- [Provided records]
-----
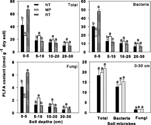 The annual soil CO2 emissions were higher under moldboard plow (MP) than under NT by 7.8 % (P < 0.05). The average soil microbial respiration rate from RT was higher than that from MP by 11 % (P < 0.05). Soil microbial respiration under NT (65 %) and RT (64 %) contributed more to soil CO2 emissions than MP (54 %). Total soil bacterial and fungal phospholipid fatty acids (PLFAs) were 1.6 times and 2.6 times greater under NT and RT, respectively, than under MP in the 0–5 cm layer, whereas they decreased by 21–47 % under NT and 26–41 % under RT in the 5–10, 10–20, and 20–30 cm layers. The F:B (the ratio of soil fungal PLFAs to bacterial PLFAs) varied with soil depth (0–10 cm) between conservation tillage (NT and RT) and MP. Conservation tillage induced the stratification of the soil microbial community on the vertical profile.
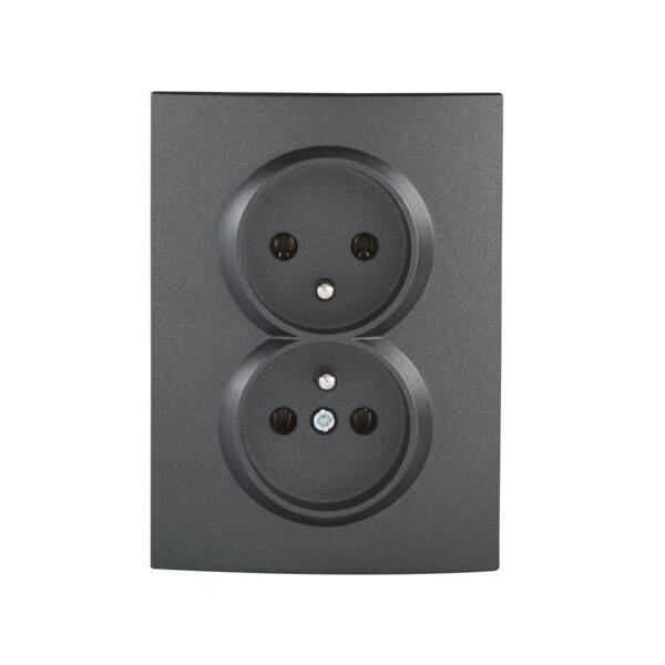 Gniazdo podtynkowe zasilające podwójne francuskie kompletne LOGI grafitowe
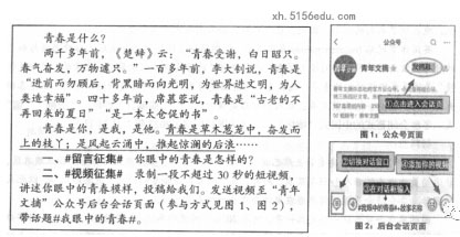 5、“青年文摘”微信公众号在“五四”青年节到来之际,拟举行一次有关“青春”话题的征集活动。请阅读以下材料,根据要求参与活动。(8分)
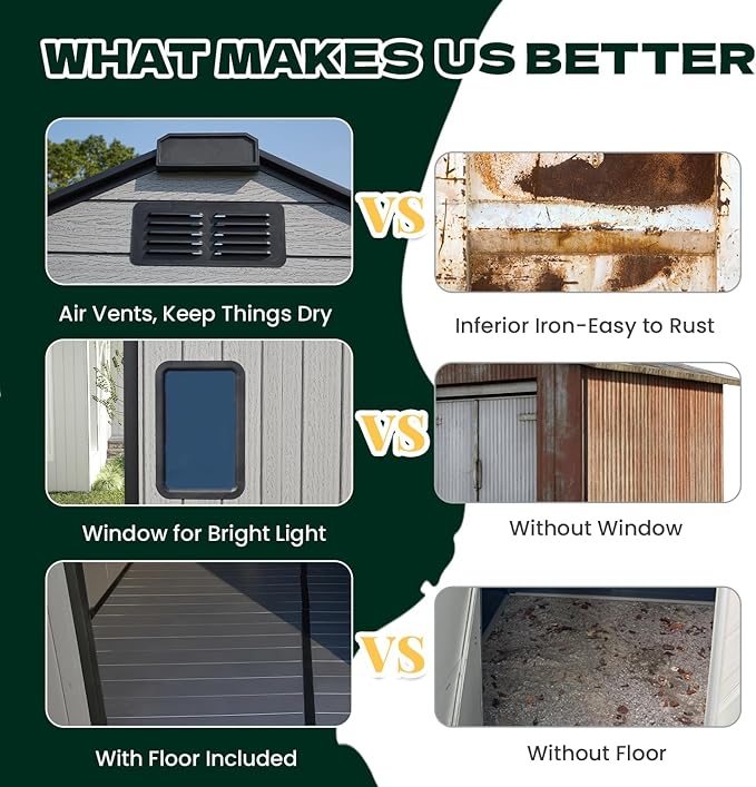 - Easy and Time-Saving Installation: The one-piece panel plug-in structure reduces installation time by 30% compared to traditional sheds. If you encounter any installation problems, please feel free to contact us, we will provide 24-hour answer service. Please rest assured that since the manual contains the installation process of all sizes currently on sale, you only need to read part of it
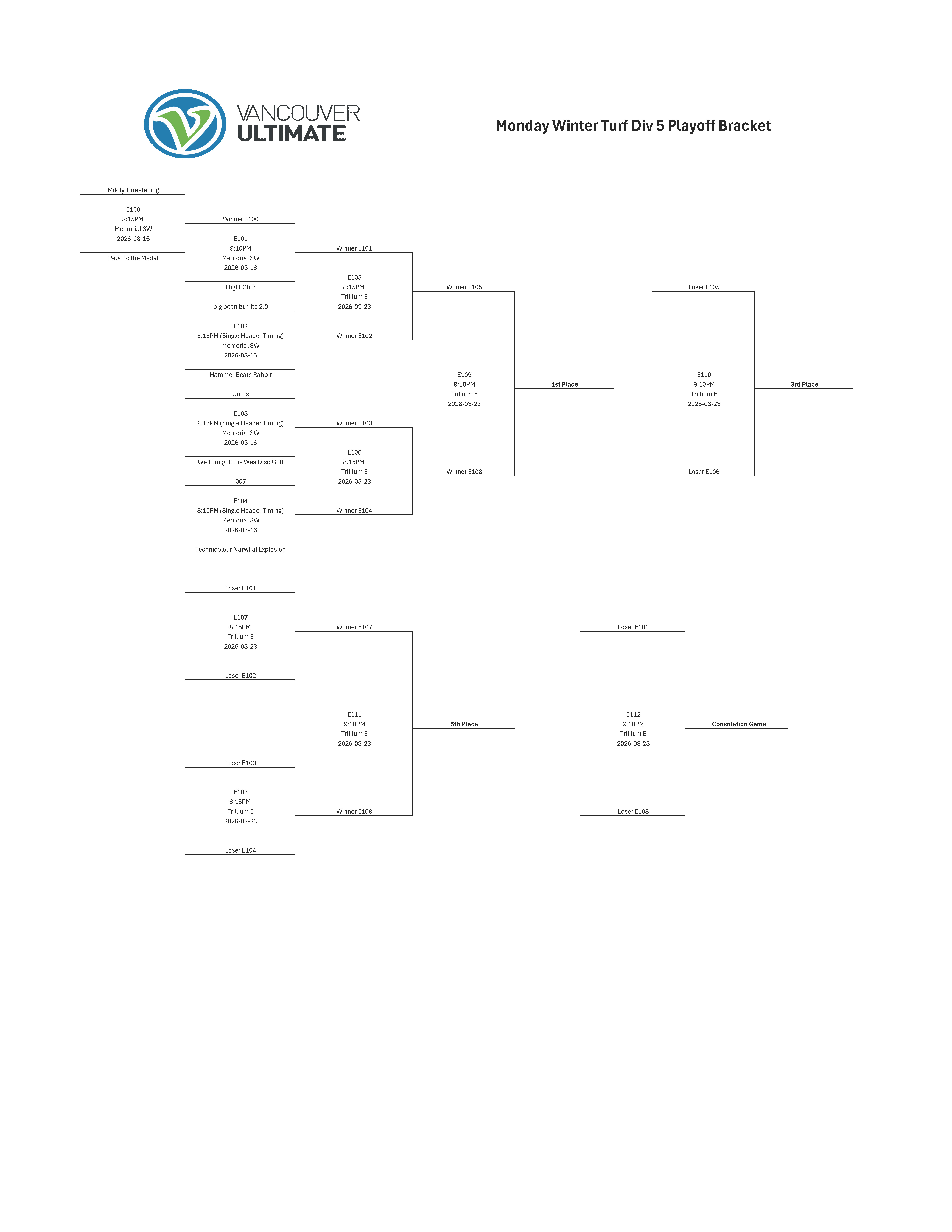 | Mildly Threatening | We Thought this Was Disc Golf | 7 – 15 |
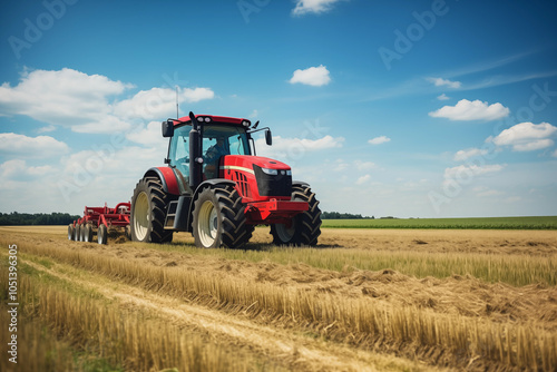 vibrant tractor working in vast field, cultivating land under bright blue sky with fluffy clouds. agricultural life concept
-----
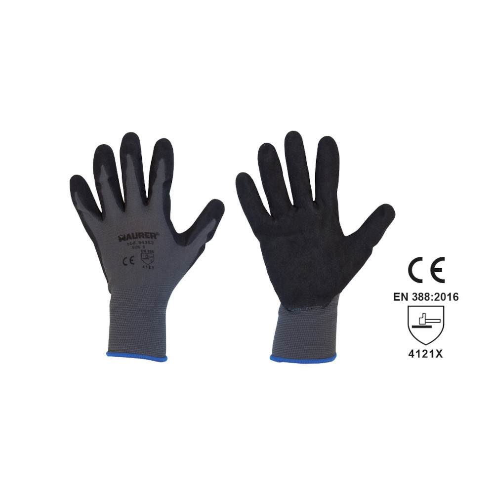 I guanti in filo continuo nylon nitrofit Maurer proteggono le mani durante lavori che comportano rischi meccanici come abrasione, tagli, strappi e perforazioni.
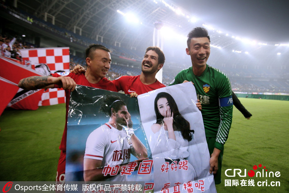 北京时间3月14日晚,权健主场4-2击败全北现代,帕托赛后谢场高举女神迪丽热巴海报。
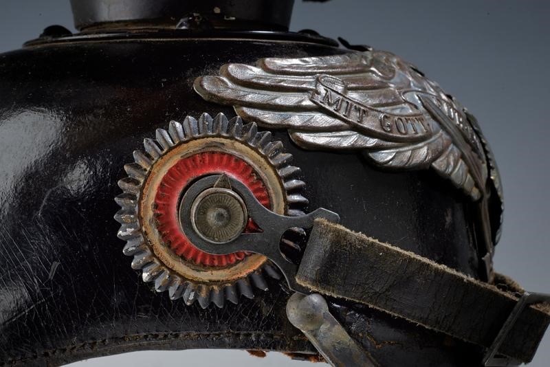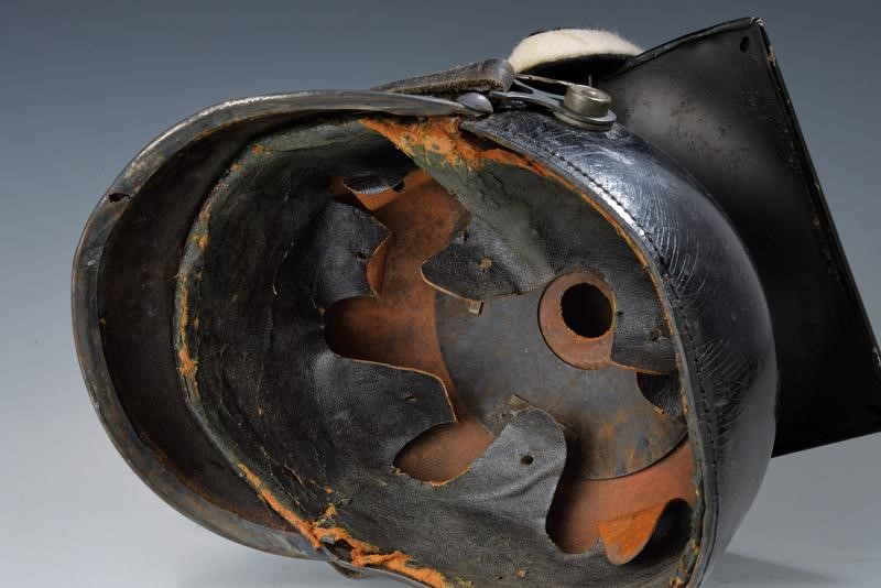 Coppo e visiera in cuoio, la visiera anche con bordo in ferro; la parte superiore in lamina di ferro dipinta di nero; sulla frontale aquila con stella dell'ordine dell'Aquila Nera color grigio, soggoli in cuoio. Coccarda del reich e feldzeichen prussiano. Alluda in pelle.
-----
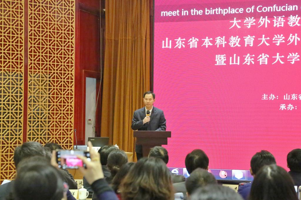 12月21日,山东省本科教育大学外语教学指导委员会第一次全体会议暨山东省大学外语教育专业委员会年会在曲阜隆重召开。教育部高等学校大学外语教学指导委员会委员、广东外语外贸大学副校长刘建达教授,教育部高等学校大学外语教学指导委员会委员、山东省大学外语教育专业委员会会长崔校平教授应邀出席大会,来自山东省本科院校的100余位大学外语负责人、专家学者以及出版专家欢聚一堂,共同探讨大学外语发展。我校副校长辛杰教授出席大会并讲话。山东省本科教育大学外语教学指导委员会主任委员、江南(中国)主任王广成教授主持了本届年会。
-----
- [Exercise description] For this exercise, transcribe exactly the part of the records above that opens with the line containing "Golf | 7 – 15 |" and closes with the one containing "vibrant tractor working". Pictures are not part of the copy.

- [Result of the task]
 | Mildly Threatening | We Thought this Was Disc Golf | 7 – 15 |
 vibrant tractor working in vast field, cultivating land under bright blue sky with fluffy clouds. agricultural life concept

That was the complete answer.